Oh sure. However I should re-iterate that I'm not trying to add new
fields into the migration stream, merely reinstate the ones that were
dropped without warning in commit a90db15 by Alexey since without them
TCG state doesn't restore correctly in my local tests.

The commit message mentions that prior to the conversion some CPU state
was missing but it doesn't mention anything about dropping existing
fields as part of the conversion process so I suspect that this was an
accidental side-effect.

I can definitely look at re-implementing the patch using a subsection in
order to preserve backwards compatibility though.


ATB,

Mark.
Mark Cave-Ayland Sept. 12, 2017, 4:46 p.m. UTC | #8
On 12/09/17 17:41, Mark Cave-Ayland wrote:

> The commit message mentions that prior to the conversion some CPU state
> was missing but it doesn't mention anything about dropping existing
> fields as part of the conversion process so I suspect that this was an
> accidental side-effect.

Actually I've clicked send a little too early here since re-reading the
last paragraph of a90db15 I can see the inference here: "Exactly what
needs to be saved in what configurations has been more carefully
examined, too".

Alexey - do you recall from your analysis why these fields were no
longer deemed necessary, and how your TCG tests were configured?


ATB,

Mark.
Alexey Kardashevskiy Sept. 13, 2017, 2:23 a.m.

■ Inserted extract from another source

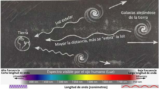 Los astrónomos han descubierto que las galaxias distantes se están alejando unas de otras y de la tierra. En consecuencia, la luz emitida a una cierta longitud de onda desde estrellas distantes parece estirada o “desplazada al rojo”. Además, cuanto más lejos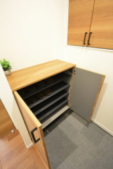 シューズボックスはロータイプ。上はカウンターとして色々飾ったりする事が出来ます。その他に上部には収納棚がありました。奥行きが深くかなり収納力がありますよ。

UTC | #9
On 13/09/17 02:46, Mark Cave-Ayland wrote:
> On 12/09/17 17:41, Mark Cave-Ayland wrote:
> 
>> The commit message mentions that prior to the conversion some CPU state
>> was missing but it doesn't mention anything about dropping existing
>> fields as part of the conversion process so I suspect that this was an
>> accidental side-effect.
> 
> Actually I've clicked send a little too early here since re-reading the
> last paragraph of a90db15 I can see the inference here: "Exactly what
> needs to be saved in what configurations has been more carefully
> examined, too".
> 
> Alexey - do you recall from your analysis why these fields were no
> longer deemed necessary, and how your TCG tests were configured?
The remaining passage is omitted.